In another embodiment, the network 130 may be a GPRS (General
Packet Radio Service) network. In another embodiment, the network
130 may be a FRS (Family Radio Service) network. In another
embodiment, the network 130 may be any appropriate cellular data
network or cell-based radio network technology. In another
embodiment, the network 130 may be an IEEE 802.11B wireless
network. In still another embodiment, the network 130 may be any
suitable network or combination of networks.

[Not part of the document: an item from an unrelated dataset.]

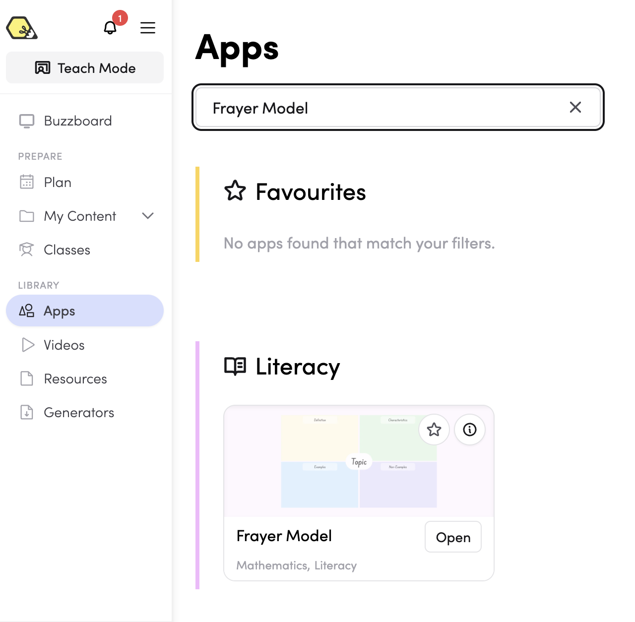 - From the Apps library — browse or search for Frayer Model in the Apps library.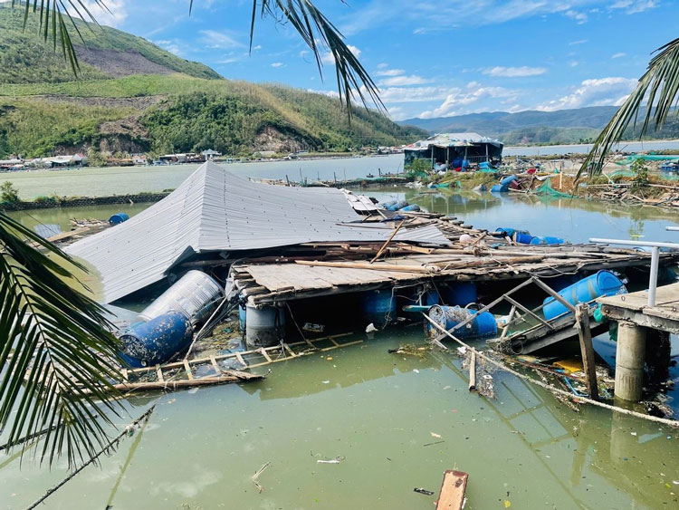Tại vịnh Xuân Đài – một trong những vùng nuôi tôm hùm lồng bè trọng điểm, bão số 13 đã làm khoảng 95% số lồng nuôi bị hư hại, hơn 20 triệu con tôm bị chết. Mưa lớn kéo dài khiến độ mặn môi trường nước giảm đột ngột, vượt ngưỡng chịu đựng của vật nuôi, trong khi sự biến động môi trường tiếp tục kéo dài nhiều tuần sau bão. Không chỉ thiệt hại về kinh tế, hậu quả thiên tai còn đẩy nhiều hộ nuôi vào vòng xoáy thiếu vốn, nợ vay chồng chất. Với các đối tượng nuôi có chu kỳ dài như tôm hùm, cá biển giá trị cao, việc phục hồi không thể diễn ra trong “một sớm một chiều”.

Although one network
130 is shown, in other embodiments any number (including zero) of
networks (of the same or different types) may be present.

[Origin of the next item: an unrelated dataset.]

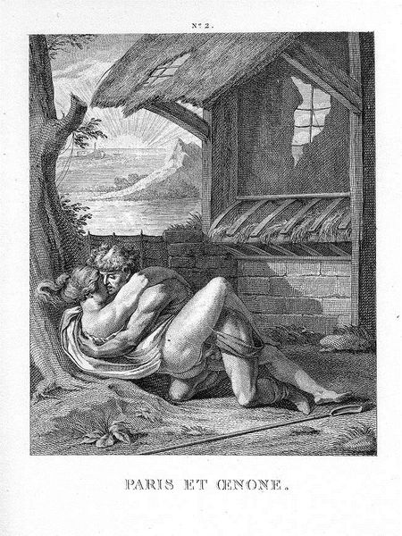 Editor: So this engraving, titled "Mars and Venus" by Agostino Carracci, presents a really intimate scene. It’s quite striking how the artist uses the stark contrast of black and white to define the forms. What do you make of the overall composition? Curator: Formally, I find Carracci’s control over line and value exceptionally compelling. Note how the engraver manipulates the density of lines to achieve depth and volume. Observe how the dramatic diagonals—formed by the bed's curtains—draw the eye towards the central figures. Editor: I see what you mean! The composition really forces you to look at Mars and Venus embracing. Do you think there is any kind of hierarchy in the image? Curator: Certainly. There’s a clear foreground, middle ground, and background. Notice the placement of armor in the lower left corner. While technically in the foreground, its receding scale positions it as recessive in importance. Editor: That makes sense. The armour almost feels like an afterthought. What about the textures? There is a stark distinction between that and the texture of the bed linen. Curator: Indeed. Consider Carracci’s masterful rendering of texture. The contrast between the smooth skin of the figures and the textured fabric is striking. Note also the interplay between the rounded forms of the figures and the rectilinear structure of the bed. These contrasting elements are key to the picture's design. Editor: This image now appears to me as carefully constructed, emphasizing a certain set of structural and formal attributes of the image rather than some narrative interpretation. Curator: Precisely. And considering this print through formalism also provides an opening into examining the broader aesthetic priorities operating within Carracci’s practice.

[0033] Although the client 132 and the hardware management console
133 are illustrated as being connected to the computer system 100
via the network 130 and the network interface 114, in another
embodiment, one or both of them may be connected to the computer
system via a virtual network adapter without the benefit of the
network interface 114 and/or the network 130. The client 132
includes a common system data markup language data structure 134, a
workload estimator 135, a planning tool 136, a configuration tool
137, a virtual I/O server 138, a processor 139, customized rules
140, and a pre-provisioning profile 142. The client 132 and the
hardware management console 133 may further include any or all of
the hardware and/or software components previously described above
for the computer 100. The processor 139 is analogous to that
previously described above for the processor 101.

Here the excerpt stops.